"You've forgotten and I haven't. You don't know what an appalling thing you're doing. You're leaving everything and everybody you ever cared for. You'll die of sheer unhappiness."

"Nonsense, Eliot. You know perfectly well that people don't die of unhappiness. They die of accidents and diseases and old age. I shall die of old age. And I'll be back in twenty years' time if I've seen it through."

"Twenty years. The best years of your life. You'll be desperately lonely. You don't know what it'll be like."

"Oh yes, I do. I've been lonely before now. And I've saved myself by working."

"Yes, in England, where you could see some of us sometimes. But out there, with people you never saw before—people who may be brutes—"

"They needn't be."

He went on relentlessly. "People you don't care for and never will care for.
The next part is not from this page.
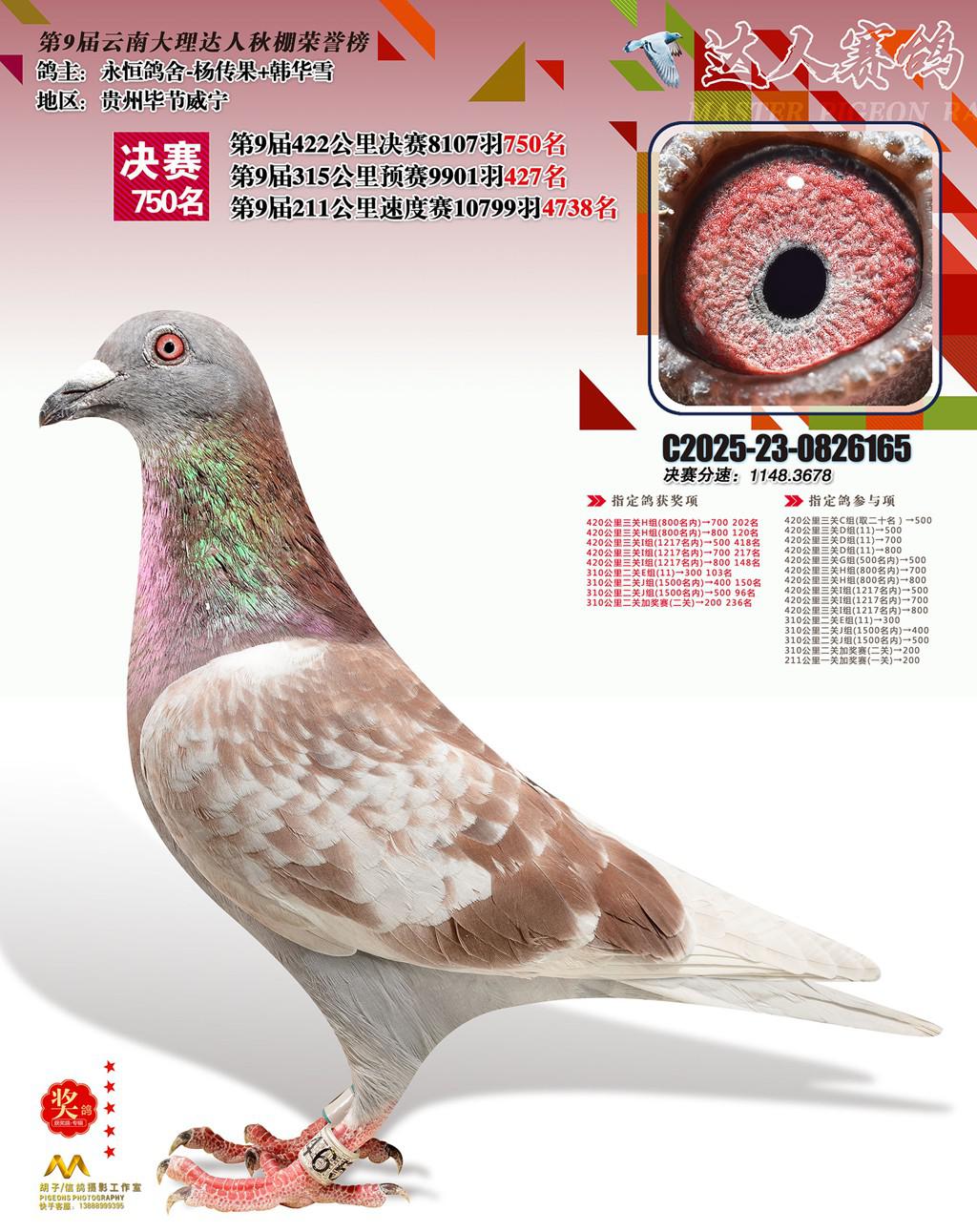 位置:云南大理巍山达人赛鸽中心2025获奖鸽展示\750名

You've never really cared for anybody but us."

"I haven't. I'm going because I care. I can't let Jerry go on like that.
I've got to end it."

"You're going simply to save Jerrold. So that you can never go back to him. Don't you see that if you married me you'd both be safe? You couldn't go back. If you were married to me Jerrold wouldn't take you from me. If you were married to me you wouldn't break faith with me. If you had children you wouldn't break faith with them. Nothing could keep you safer."

"I can't, Eliot. Nothing's changed. I belong to Jerrold. I always have belonged to him. It isn't anything physical. Even if I'm separated from him, thousands of miles, I shall belong to him still. My mind, or soul, or whatever the thing is, can't get away from him…. You say if I belonged to you I couldn't give myself to Jerrold. If I belong to Jerrold, how can I give myself to you?"